Y lo es en un sentido que no podría ser más explícito. De manera igualmente transgresora, y mas allá de un apartado gráfico de relumbrón que irónicamente brilla de manera especial en su manera de trabajar la iluminación, The Phantom Pain es un juego que se preocupa muy poco de resultar creíble. Como ha sido siempre un pilar en la serie, su desprecio por la cuarta pared es absoluto, y mas allá del clásico NPC que te habla de presionar el panel táctil en mitad de una escena de alto impacto emocional, el diseño desecha cualquier tipo de concesión al realismo que no tenga un impacto positivo en la jugabilidad. Las meta referencias vuelven a sucederse de manera constante, y Kojima parece seguir disfrutando enormemente al recordarnos a cada paso que lo que tenemos entre manos no es nada más que un videojuego. Y nada menos.

Tomemos por ejemplo una de las novedades más importantes, al menos en el terreno de las entregas para sobremesa: la gestión de nuestra base y del equipo humano que la compone, ese ejército de mercenarios libres de todo estado que nos permitirá en la práctica diseñar nuevos ingenios de ocultación, ampliar nuestro arsenal o nutrir los equipos de apoyo que podremos invocar durante ciertas misiones. Una versión vitaminada de lo visto en Peace Walker, que incide en los mismos conceptos y, como todo en The Phantom Pain, los lleva un pasito más allá siempre con el precepto claro de que la verosimilitud debe ir condicionada al gameplay, y nunca al revés.

Por un lado, el juego se muestra lo suficientemente puntilloso para no subtitular los diálogos de las patrullas enemigas salvo que contemos en nuestras filas con un intérprete versado en el idioma, un detalle sutil que refuerza de un plumazo varias de sus mecánicas principales, porque recompensa la acción no letal y porque es muy complicado infiltrarse sin saber si los guardias hablan de ti o del partido. Por el otro, la manera de captar nuevos aspirantes vuelve a tirar del trazo grueso para dibujar una mecánica ante la que uno no puede sino sonreír: una incapacitación, un globo sujeto al enemigo noqueado y a volar. Una situación que podría resultar risible hasta que uno se plantea el juego de riesgo y recompensa entre rescatar a un especialista en demoliciones que hable ruso con fluidez y lo que llama la atención un señor flotando en mitad de un asentamiento enemigo a las cuatro de la tarde.

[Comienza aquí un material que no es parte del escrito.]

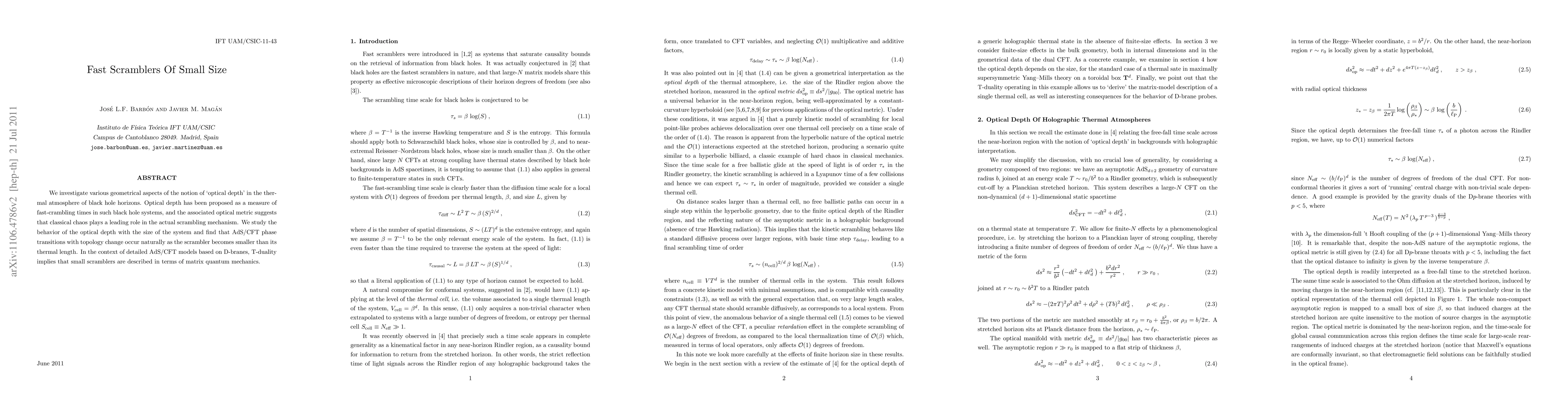 We investigate various geometrical aspects of the notion of `optical depth' in the thermal atmosphere of black hole horizons. Optical depth has been proposed as a measure of fast-crambling times in such black hole systems, and the associated optical metric suggests that classical chaos plays a leading role in the actual scrambling mechanism. We study the behavior of the optical depth with the size of the system and find that AdS/CFT phase transitions with topology change occur naturally as the scrambler becomes smaller than its thermal length. In the context of detailed AdS/CFT models based on D-branes, T-duality implies that small scramblers are described in terms of matrix quantum mechanics.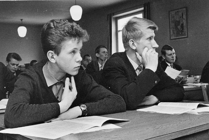 Uppmärksamma åhörare, i undervis-ningslokalen på Stockholm Ban, är Arne Willman, Gäddede, jobbande i Roslags Näsby (t.v.) och B.I.Johansson, Ljusdal, nu i Bromma.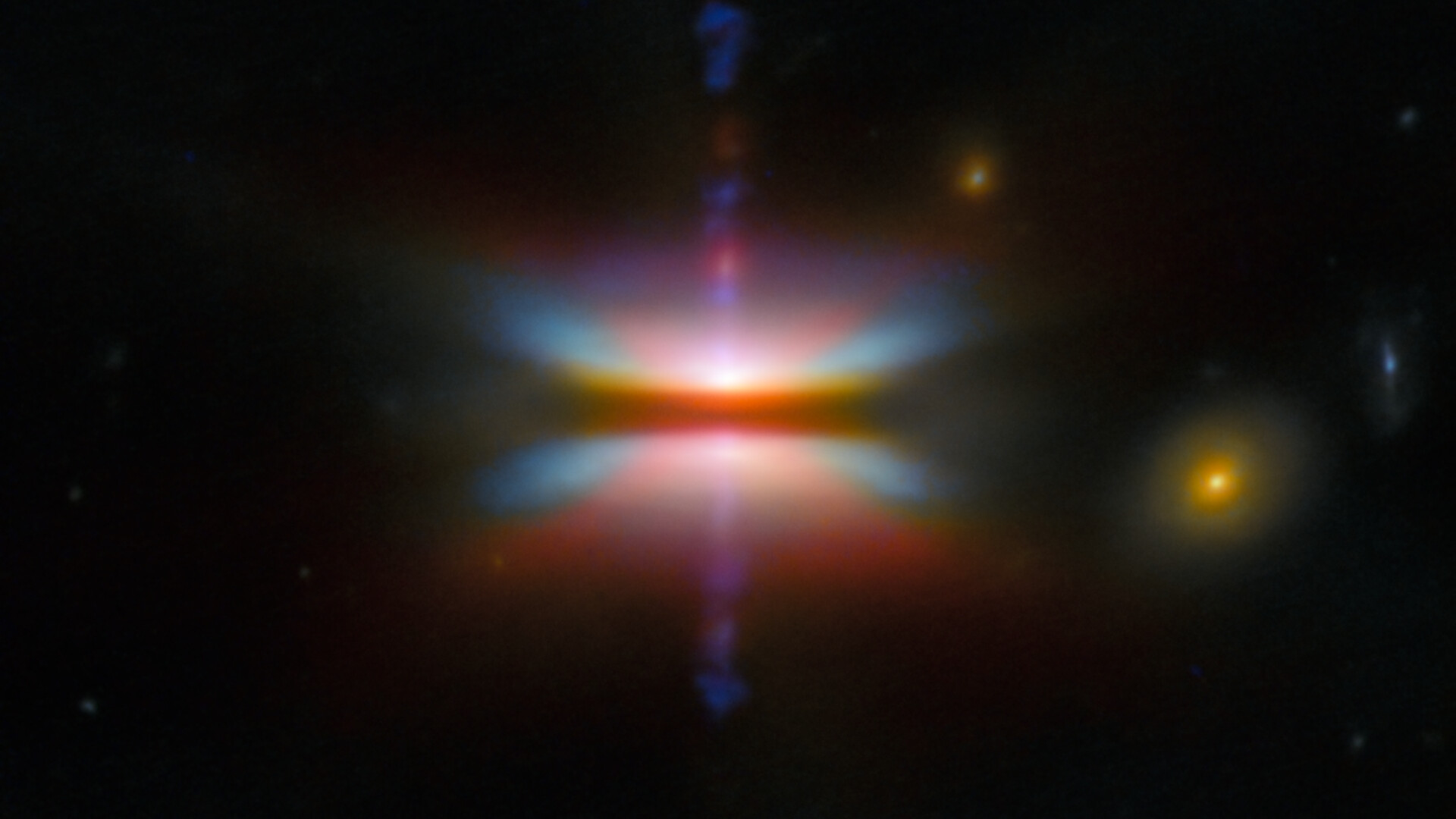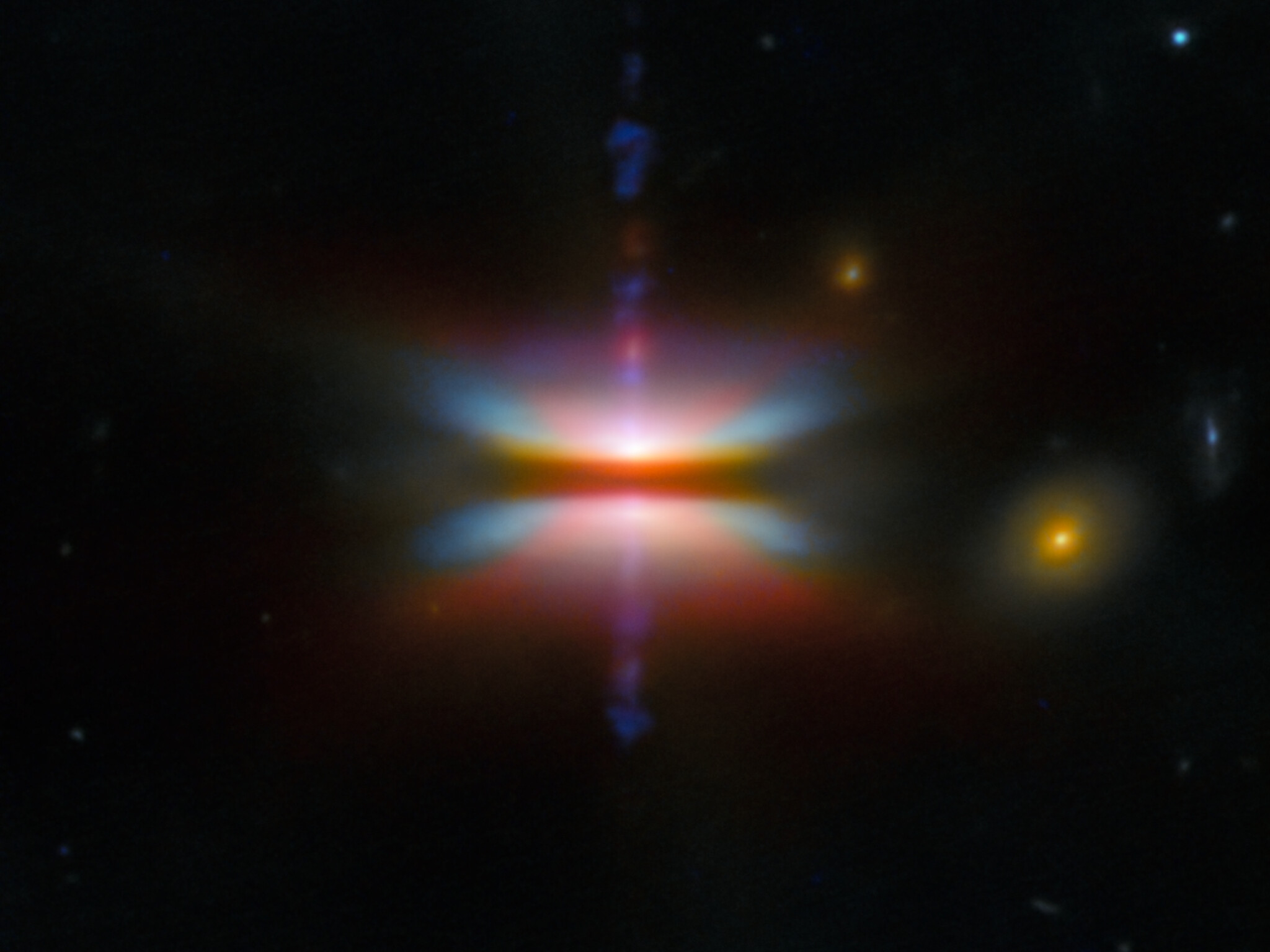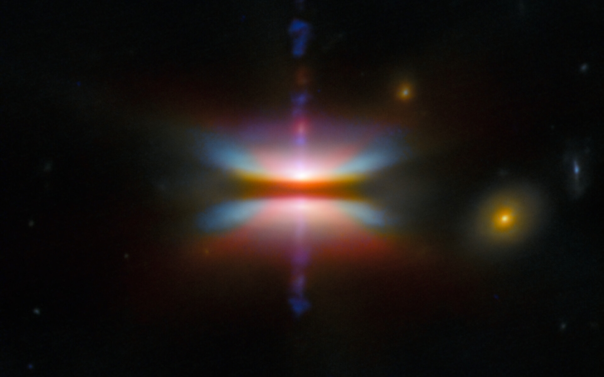 Above and below the dark band, the dust grains gradually become smaller and smaller the farther out we look, to less than a millionth of a metre in size. They are lit by the central star, creating these colourful “wings” top and bottom. Different colours in the wings mark out different kinds of molecules, indexed by Webb’s keen infrared vision; the red areas forming a cross shape are thought to be part of a wind blowing hydrogen atoms and light molecules far out of the disc. Above and to the right of the disc, three distant galaxies appear in the background.

Como decíamos antes, aquí el sigilo es la única religión, y donde otros se volcarían en diseñar sistemas para cocinar lagartijas o jugar a los bolos, aquí el tarro de las esencias se ha reservado para hacer que el número de posibilidades a la hora de encarar un nuevo emplazamiento resulten incluso abrumadoras. Tras una obligada fase de reconocimiento armados de nuestros binoculares y el dispositivo de geolocalización y gestión de datos ya visto en Ground Zeroes, nos queda bastante claro que nadie nos va a llevar de la mano. Los únicos waypoints presentes en el mapa serán los que coloquemos nosotros, y nuestro apoyo por radio insistirá en repetirnos que el área es demasiado amplia y que nos busquemos la vida. Con un esbozo de estrategia dibujado en la cabeza, tocará agacharse tras la primera roca, tras lo cual invariablemente todo el plan estallará por los aires y será hora de improvisar.

El juego se esfuerza en todo momento para que esto suceda, presentando patrullas que cambian de turno al amanecer, avisos por radio, estados de atención de varios niveles que huyen de la clásica bipolaridad entre la alerta total y el echarle la culpa al gato y unas fuerzas opositoras que suplen su falta de sentidos superheróicos con una sobrehumana capacidad para mosquearse. Afortunadamente, el arsenal de acciones a nuestro favor permite equilibrar la balanza, pasando desde la posibilidad de invocar helicópteros de apoyo a la utilización de todo tipo de gadgets y de un abanico de movimientos y de sistemas claramente enfocados a la creación de situaciones emergentes: No es lo mismo escabullirse bajo un control al abrigo de la noche que hacerlo a las 12 de la mañana. Tampoco es lo mismo disparar un dardo tranquilizador a una pierna que a la cabeza, ni atacar cuerpo a cuerpo a un enemigo que a un grupo de tres, ni realizar un lanzamiento contra el suelo que hacerlo contra una pared. Si atrapamos a un enemigo desprevenido, seguimos pudiendo optar por despacharlo rápidamente, interrogarlo para averiguar la posición de los guardias, o incluso utilizarlo de escudo humano si las cosas se ponen feas. Y si aun así somos descubiertos, el modo réflex que estrenara Ground Zeroes nos dará unos preciados segundos para intentar arreglar el desaguisado antes de que suene la voz de alarma, o podremos recurrir a mantener al enemigo paralizado a punta de pistola en una versión incomparablemente mas física y satisfactoria que lo planteado en Battlefield Hardline.

Darse a la fuga y vivir para luchar otro día también es una opción respetable, y siempre podremos poner las cosas difíciles a nuestros perseguidores saboteando el generador de la base, destruyendo sus repetidores de radio o simplemente acurrucándonos en el suelo y reduciendo nuestra respiración al mínimo.Y en caso de que la situación se tuerza del todo y recibamos, por ejemplo, una descarga de metralla en el brazo que no nos permita apuntar, siempre quedará la posibilidad de resguardarse tras un contenedor y volver a encajarse el hombro. Un cóctel de mecánicas nuevas mezcladas con revisiones de otras presentadas en anteriores entregas, que unidas se multiplican y dejan la sensación de conformar el juego que Kojima tuvo en la mente desde el principio. Las posibilidades son infinitas.

Con semejante despliegue de alternativas sobre la mesa, quizá duela un poco más de lo debido uno de los únicos puntos negros, que es la facilidad de resolver las cosas a tiros. En este terreno, y entroncando con el sistema de investigación y desarrollo que comentábamos antes, el juego incorpora un surtidísimo arsenal de escopetas, lanzagranadas y rifles de francotirador, que en mi caso personal decidí ignorar por completo porque hay algo feo en tomar una experiencia que ofrece más posibilidades que nunca para acabar resolviendo las cosas como siempre. No es por su sistema de calificaciones, ni por su énfasis en buscar la rejugabilidad alcanzando el máximo rango posible en la búsqueda del perfect run. Es porque se trata de un juego que apetece jugar bonito. Un juego que abraza lo suficiente el pasado como para no renunciar a sus raíces ni actualizando una tipografía que nos transporta inmediatamente a una merienda frente a un televisor de tubo, pero trae de la mano una manera de entender el mundo abierto que bien podría ser un espejo de cara al futuro. Un juego, en definitiva, que por desgracia llega unas cuantas entregas tarde para reclamar un subtítulo que debería haber sido suyo por derecho: el hijo de la libertad.